If the electricity or natural gas goes out during the winter, you must take action to protect your family. Depending on the weather, lack of heat can be life threatening!

Bundle up your body! Wear several loose layers of clothes. Clean clothes keep you warm better than dirty clothes. Don't forget a hat, even when you are indoors! If you must go outside, beware of wind and wet. Keep dry. Wet clothing loses its ability to insulate, and can suck heat right out of you. Stay out of the wind as much as possible. Make sure your head, hands, and feet are protected.
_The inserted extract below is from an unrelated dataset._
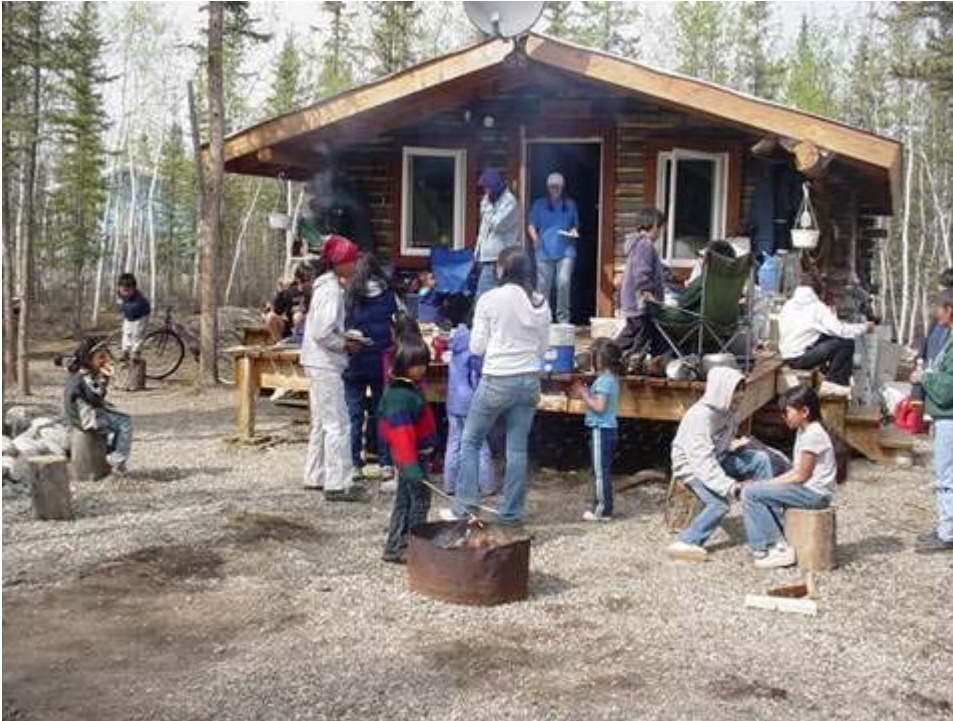
Figure 19 Home Energy Audits
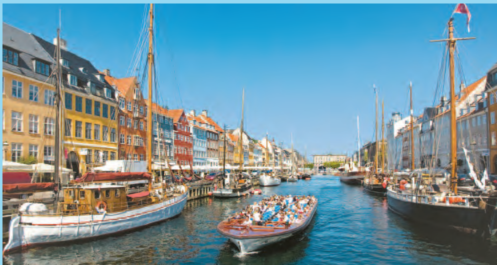
The Vikings’ legacy and the maritime character of a traditional Hanseatic city are showcased along Copenhagen’s Nyhavn Waterfront.

Enjoy exploring the city’s legendary landmarks, which are scattered across more than 100 islands linked by six times as many bridges. St. Petersburg’s main thoroughfare, Nevsky Prospect, showcases exquisite examples of Russian Baroque and neoclassical architecture. On the morning tour, see the beautiful Church of Our Savior on Spilled Blood (Church of the Resurrection of Christ), built on the site of Emperor Alexander II’s assassination, and the 19th-century St. Isaac’s Cathedral, with a striking golden dome that is one of the glories of the city’s skyline. Visit St. Petersburg’s first building, the Peter and Paul Fortress, constructed to secure the country’s access to the sea. See the impressive Baroque Cathedral of Sts. Peter and Paul, containing the tombs of 32 czars, from Peter the Great to Nicholas II, the last of the Romanovs.

Don't try to heat the entire house in a winter emergency. Gather everybody in the household into one or two rooms and don't forget your pets. The kitchen and an adjacent room are usually good choices for this. Close doors and hang blankets over doorways and use plastic sheets, blankets, quilts, aluminum foil & newspapers over windows. Blankets can insulate floors without carpets. Don't seal the room so tight that no fresh air can get in. Even if it is cold, you need fresh air to stay alive. Neighbors may want to gather together in one house - each human body is radiating about the same amount of heat as a 100 Watt lightbulb. We're all familiar with the way a crowded room gets warm, so put that to work for you to stay warm during a winter emergency.
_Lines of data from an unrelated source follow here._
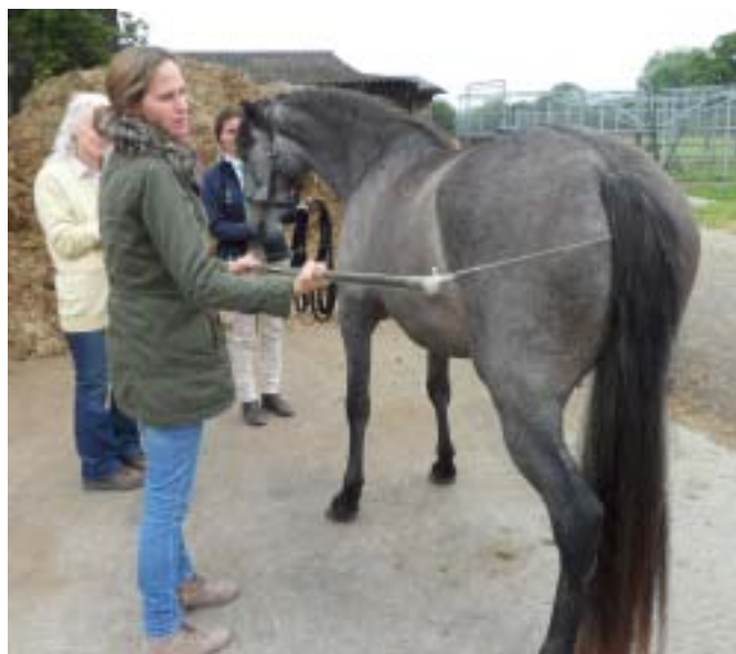
5. SCAPULAR-ISCHIAL LENGTH
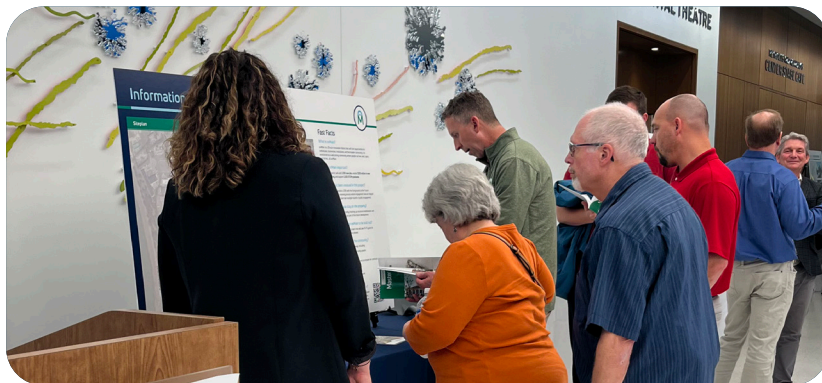
onMain - Corner of Stewart and Main Streets, Dayton 45409
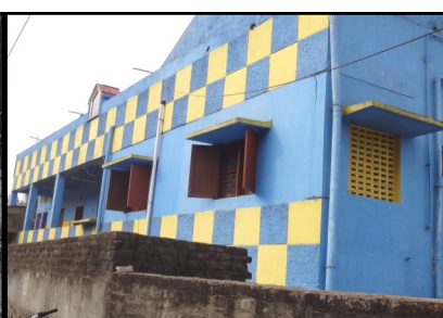
St. Joseph Centre – 2016

main gate of the Centre has been transformed into a welcoming entrance concreted over and decorated with beautiful bright painted flowers. This now provides an ideal playground for the children. A coat of lovely bright blue and yellow paint has greatly enhanced the look of the dreary grey exterior of the building. The concrete floor in the main hall has been completely tiled and the walls are painted in fresh coral.
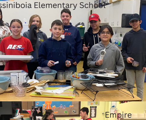
Assiniboia Elementary School
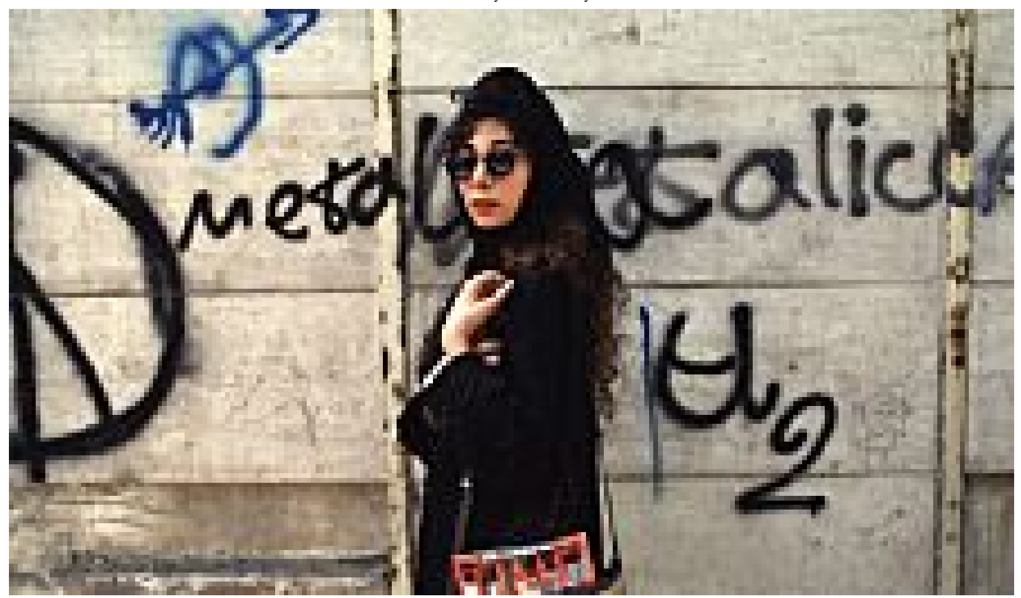
RantPlaces 15 Countries to Stay Away From If You're An American

Safety Issues for Open-flame Heating

If you will use back-up heat that involves an open flame (such as kerosene or propane), ventilation is required. Always place the propane or kerosene heater in front of the ventilation opening (such as a window open 1/4 inch). If you place it away from the ventilation, the fumes will first fill the room before they exit from the window. It is a life-saving idea to have a carbon monoxide and smoke detector in rooms where you use open-flame heaters.

Never use charcoal briquets or Coleman fuel camp stoves inside a house or garage for cooking or keeping warm in a winter weather emergency. People die every year from carbon monoxide poisoning when they fire up charcoal briquets inside the house to keep warm.

Never run an electrical generator inside a house or a garage. Always put it outside. Make sure it stays dry and let it cool down before re-fueling it.

Carbon monoxide poisoning is always a risk if using open-flame heating indoors. When using any kind of inside heat with an open flame, if the room seems "stuffy" and you begin to feel headachy and lethargic and/or your vision gets blurry, get everyone out of the room and ventilate it with fresh air immediately. Pregnant women, children, and unborn babies are particularly at risk of carbon monoxide poisoning.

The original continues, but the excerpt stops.